Arbeitszeitgesetz, BMAS

Arbeitszeitgesetz: BMAS plant elektronische Dokumentation für Millionen

Veröffentlicht am: 18.08.2026 um 02:09 Uhr | Redaktion boerse-global.de

Der Referentenentwurf zur Arbeitszeitreform verpflichtet zur digitalen Zeiterfassung und sieht für kleinere Betriebe längere Umsetzungsfristen vor.

BMAS-Arbeitszeitreform: Elektronische Zeiterfassung und neue Übergangsfristen
Ein moderner, aufgeräumter Büroarbeitsplatz mit einem Laptop auf einem Schreibtisch bei natürlichem Tageslicht. Illustration mit AI erstellt übermittelt durch boerse-global.de

Das Bundesministerium für Arbeit und Soziales (BMAS) hat die Pläne für eine Reform des Arbeitszeitgesetzes weiter präzisiert. Ein im August 2026 aktualisierter Referentenentwurf konkretisiert die Anforderungen an die Dokumentation der Arbeitszeit und sieht Anpassungen bei den Flexibilisierungsspielräumen für Arbeitgeber und Arbeitnehmer vor.

Im Zentrum der Neuregelung steht die Verpflichtung zur elektronischen Dokumentation, die den Arbeitsschutz in einer digitalisierten Arbeitswelt stärken soll.

Elektronische Aufzeichnungspflicht und Dokumentationsregeln

Der aktuelle Entwurf sieht vor, dass Arbeitgeber künftig verpflichtet werden, Beginn, Ende und die gesamte Dauer der täglichen Arbeitszeit ihrer Beschäftigten elektronisch aufzuzeichnen. Diese Aufzeichnungen müssen laut den Plänen des Bundesministeriums für Arbeit und Soziales für einen Zeitraum von zwei Jahren aufbewahrt werden.

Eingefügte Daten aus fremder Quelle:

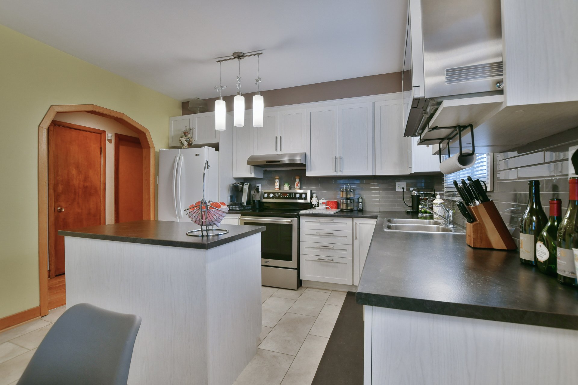 - Tandis que la cuisine rénovée avec îlot central invite à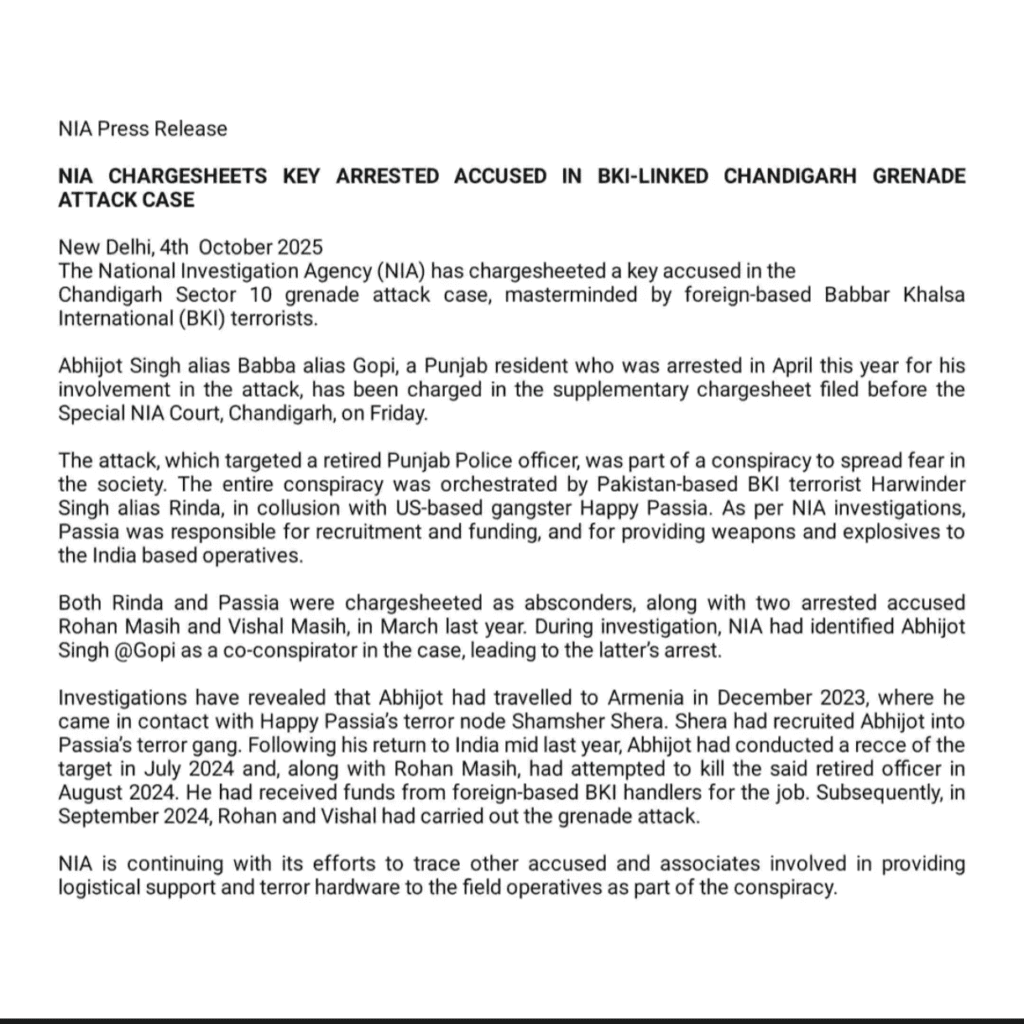 ਇਸ ਤੋਂ ਪਹਿਲਾਂ ਐਨਆਈਏ ਨੇ ਮਾਰਚ ਮਹੀਨੇ ਇਸ ਮਾਮਲੇ ਦੇ ਵਿੱਚ ਅਮਰੀਕਾ ‘ਚ ਮੌਜੂਦ ਗੈਂਗਸਟਰ ਤੇ ਅੱਤਵਾਦੀ ਬਣੇ ਹਰਪ੍ਰੀਤ ਸਿੰਘ ਉਰਫ ਹੈਪੀ ਪਾਸਿਆ ਅਤੇ ਪਾਕਿਸਤਾਨ ਚ ਬੈਠੇ ਅੱਤਵਾਦੀ ਹਰਵਿੰਦਰ ਸਿੰਘ ਰਿੰਦਾ ਦੇ ਖਿਲਾਫ ਚਾਰਜਸ਼ੀਟ ਦਾਖਲ ਕੀਤੀ ਸੀ। ਤੁਹਾਨੂੰ ਦੱਸ ਦਈਏ ਕਿ 11 ਸਿਤੰਬਰ 2024 ਨੂੰ ਚੰਡੀਗੜ੍ਹ ਦੇ ਸੈਕਟਰ 10 ਦੇ ਵਿੱਚ ਇੱਕ ਘਰ ਦੇ ਉੱਤੇ ਗ੍ਰੇਨੇਡ ਹਮਲਾ ਹੋਇਆ ਸੀ ਜਿੱਥੇ ਸਾਬਕਾ ਪੰਜਾਬ ਪੁਲਿਸ ਦੇ ਅਧਿਕਾਰੀ ਦੀ ਜਾਨ ਲੈਣ ਦੀ ਕੋਸ਼ਿਸ਼ ਕੀਤੀ ਗਈ ਸੀ।।

Ein wesentlicher Punkt der Reform betrifft die Vertrauensarbeitszeit. Diese bleibe zwar weiterhin als Arbeitsmodell möglich, unterliege jedoch künftig einer strikten Dokumentationspflicht. Damit soll sichergestellt werden, dass auch bei flexiblen Arbeitszeitmodellen die gesetzlichen Höchstgrenzen und Ruhezeiten nachvollziehbar bleiben.

Übergangsfristen und Ausnahmen für Unternehmen

Um die wirtschaftliche Belastung insbesondere für kleinere Betriebe zu begrenzen, sieht der Referentenentwurf verschiedene Ausnahmeregelungen und Übergangszeiträume vor. Betriebe mit bis zu zehn Mitarbeitern sollen dauerhaft von der Pflicht zur elektronischen Aufzeichnung ausgenommen bleiben.

Für größere Unternehmen sind zeitlich gestaffelte Übergangsphasen geplant:
- Betriebe mit weniger als 250 Mitarbeitern erhalten eine Frist von zwei Jahren zur Umsetzung der elektronischen Erfassung.
- Betriebe mit weniger als 50 Mitarbeitern wird ein Zeitraum von fünf Jahren eingeräumt.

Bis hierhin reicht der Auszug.